Appeal from Circuit Court, Chilton County; George F. Smoot, Judge.
J. B. Atkinson, of Clanton, for appellant.
A plaintiff in detinue must show a special or general property right in the chattel in controversy, and that he is entitled to the immediate possession thereof. A lienor or other equitable owner has no such title as will sustain detinue. Johnson v. New Co., 163 Ala. 463, 50 So. 911. A mortgage of personal property is not valid unless made in writing and subscribed by the mortgagor. Code 1923, § 8033; Williams v. Davis, 154 Ala. 422, 45 So. 908.
Grady Reynolds, and O. L. Reynolds, both of Clanton, for appellee.
Prior possession alone is sometimes sufficient to maintain detinue. Whatley v. Taylor, 211 Ala. 655, 101 So. 590; Gwin v. Emerald Co., 201 Ala. 384, 78 So. 758; Griffith Warren v. Biggers, 206 Ala. 563, 90 So. 795.
The suit is in detinue for the recovery of a Ford car. The sole question presented is the refusal of the affirmative charge, with hypothesis, to defendant.

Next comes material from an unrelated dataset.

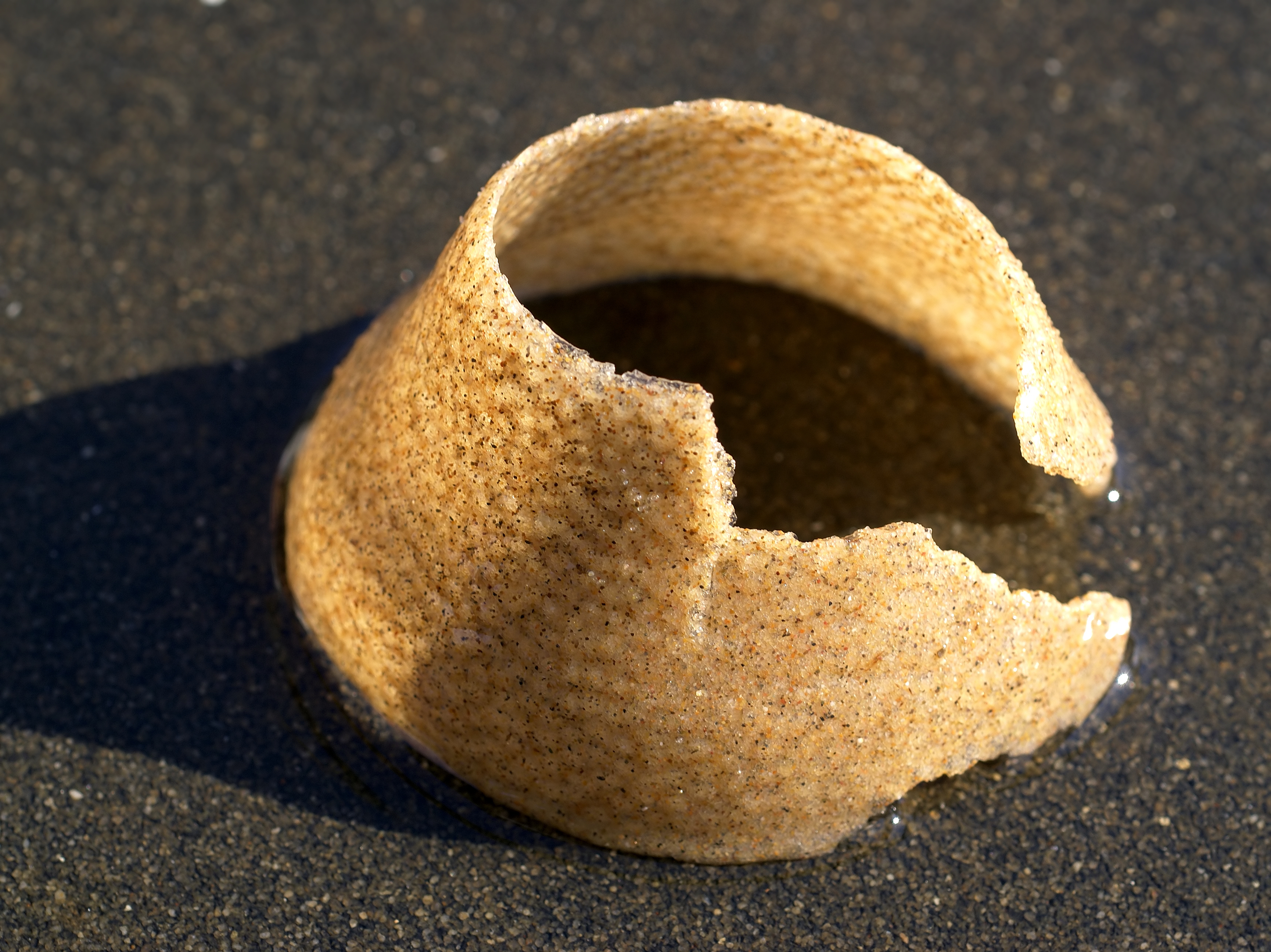 Open collar eggs capsule of Necklace shell, from the north of the Belgian continental shelf.Studio image.

Some evidence of the plaintiff tended to show that the car was sold by plaintiff for $275, of which $150 was paid cash, and the car delivered to defendant on a promise to pay the balance or secure it by note the following week, with stipulation that the title would remain in the vendor until the balance of purchase money was paid or secured. This, if true, constituted the transaction a conditional sale.
A conditional sale by parol, is, as to the condition, good between the parties. The statute requiring chattel mortgages to be in writing has no application.
The vendee under conditional sale, receiving and holding possession from his vendor, cannot question the vendor's title in a suit in detinue upon condition broken.
ANDERSON, C. J., and SAYRE and GARDNER, JJ., concur.